Пэйринг и персонажи
Метки
Описание
Скарамучча знал, что должен делать. Знал, к чему шёл, в чём была его цель, зачем и как. Чёткий план хранился на смятом листе столетия. Но сейчас он не мог понять, хотел ли этого на самом деле.
Примечания
оос стоит только для того, чтобы не доебались
Часть 1
08 ноября 2021, 03:46
Яэ Мико смотрит на него свысока, улыбаясь, словно добрая тётушка, и сверкая глазами, словно собирается напасть.
— Куникузуши.
— Здравствуй.
Она улыбалась. А он просто знал, о чём там бродят мысли в её голове. Не все, он разбирал лишь конкретные, будто это были его собственные мысли, неряшливые и самобичевательские.
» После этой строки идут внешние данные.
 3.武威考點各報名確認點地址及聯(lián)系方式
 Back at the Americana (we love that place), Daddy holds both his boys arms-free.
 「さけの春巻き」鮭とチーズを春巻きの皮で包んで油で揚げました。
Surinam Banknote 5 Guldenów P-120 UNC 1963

За такие хотелось только врезать, налететь со всей силы с ножом или по-детски стянуть с ноги сандалию и кинуть так, чтобы точно промахнуться.
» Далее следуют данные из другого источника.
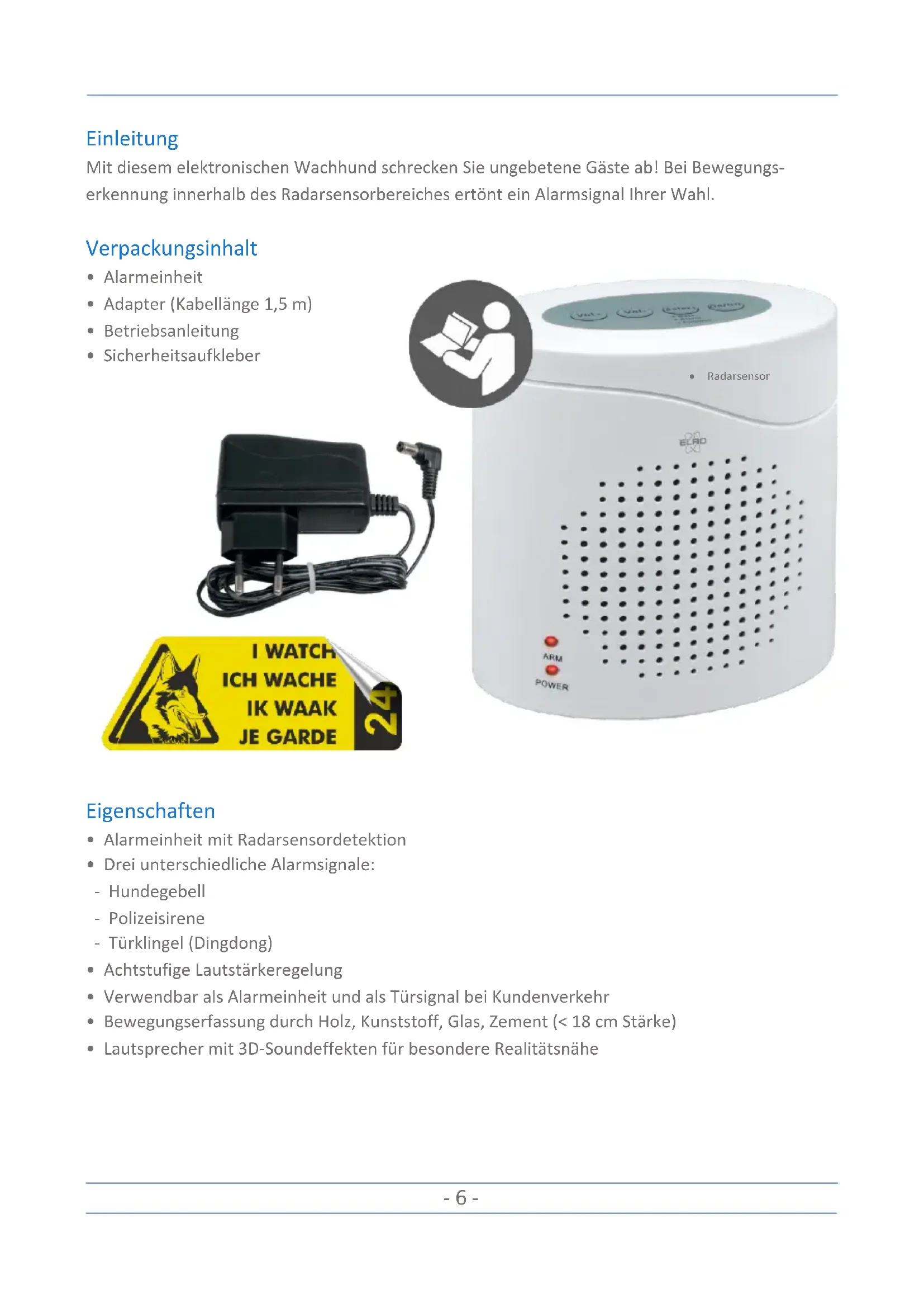 - Senden Sie eine E-Mail an info@elro.eu. Wir werden uns schnellstmöglich bei Ihnen melden. Die auf dieses Produkt anwendbaren Garantiebedingungen finden Sie auf www.elro.eu. Dieses Produkt wurde hergestellt von: ELRO Europe Postbus 9607 - Box E800 1006 GC Amsterdam Nederland www.elro.eu- 10 - Introductie Schrik ongewenste gasten af met deze elektronische waakhond! Als er beweging wordt waargenomen binnen het bereik van de radarsensor, treedt het alarmsignaal naar keuze in werking. Inhoud van de verpakking

Яэ Мико движется, словно она здесь главная, словно она одновременно в отпуске, словно ей на всё плевать и она держит всё под контролем. Она стучит каблуками так мягко по полу, так жёстко по нервам, но Скарамучча смотрит спокойно, ему не важно, он готов и к драке, и к побегу. А руки предательски потеют, глаза отводятся. Он должен собраться и хотя бы притвориться, что его не волнует её появление. Яэ Мико опускается на колени рядом с лежащим без сознания телом, сейчас будто беззащитна, у Скарамуччи к голове приливает кровь, к рукам будто тоже, ещё больше, чем раньше, а ноги еле держатся, чтобы не побежать. Сейчас, сейчас, сейчас! Если убить сейчас, то будет проще потом, проще действовать, а значит — надо сейчас.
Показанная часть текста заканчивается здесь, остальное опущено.